9 years ago, I met some of my closest friends in class at the ILR School. This year, we were able to visit ILR during our five year reunion having achieved some of the goals we made during our time in college. We return as lawyers, an MBA and a Start Up / Tech veteran.
The possibilities in ILR are endless. During my time on the Hill, the ILR School has taught me to be a better leader and those lessons made me better in my role as Editor in Chief of The Daily Sun.
Professors McKelvie, Neufeld, Konvitz, Mc Connell and others were leading figures at the ILR School during the years I attended. I was fortunate enough to benefit greatly from their knowledge, experience and judgment. Since then, Law has become my profession, but what I gained from ILR remains with me, and always will.
Throughout my undergraduate career at ILR, I've learned that being different is a blessing. I transferred in from another institution as a Sophomore, and after the very Sophomore year I declared a leave of absence, during which I had to fight a strenuous financial challenge that faced my family. What I thought was going to be a halpless path to a life unexceptional, the three years of leave of absence actually taught me the value of failure and its indispensability to my growth.

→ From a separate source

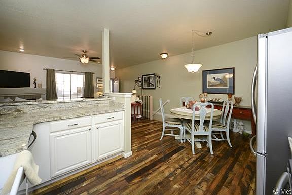 Desirable ranch style townhome floor plan with Condominium HOA designation! An extra bonus is attached oversized TWO car garage included with this floor plan. Breathtaking reclaimed hardwood floors throughout the main living area with elegant living room fireplace and slider door access to the relaxing front patio. Everything has been remodeled to perfection. The kitchen includes a cozy eating space and slab granite countertops that compliment contemporary white painted cabinets and stainless steel appliances. The master bedroom is a beautiful oasis featuring same reclaimed hardwood floors, decorative chandelier and dual closets! Master bath features stunning tile, quartz counter and updated fixtures. A nice sized bedroom and designer 3/4 bath complete the main floor. Resort living at home! The newly carpeted full basement adds over 1,000 square feet of finished space. The massive family room is perfect for entertainment and relaxation! Two well-appointed bedrooms and truly unique full bathroom with oversized soaking tub and designer appointments perfect for family or guests. The laundry room includes a convenient utility sink and storage cabinets. True pride in ownership shows throughout this home. Convenient to schools, parks, shopping, I-25! Niver Canal paved trail is just behind the building, with picturesque Croke Reservoir down the street. Pinnacle Creek... it's not just a neighborhood, it's a lifestyle!

"ILR is a place where there are so many people with so many great ideas and there are so many people wanting to do good, that's what makes ILR so special."
“Milton Konvitz inspired me to go into human rights. I then went on to become the Executive Director of Amnesty International, USA, and headed the Cambodia Office of the UN High Commissioner for Human Rights. All of my work has been related to what I learned in the ILR School over 50 years ago."
The ILR School was a high level introduction to learning what was known and what yet needed to be learned to create a world of universal prosperity through balanced power relationships. Because of ILR's strong personality, the challenges and the passions to meet them, converged.
"If I can contribute in any small way to student learning through my participation [ILR Advisory Council and Cornell University Council], I believe the endeavor to be priceless."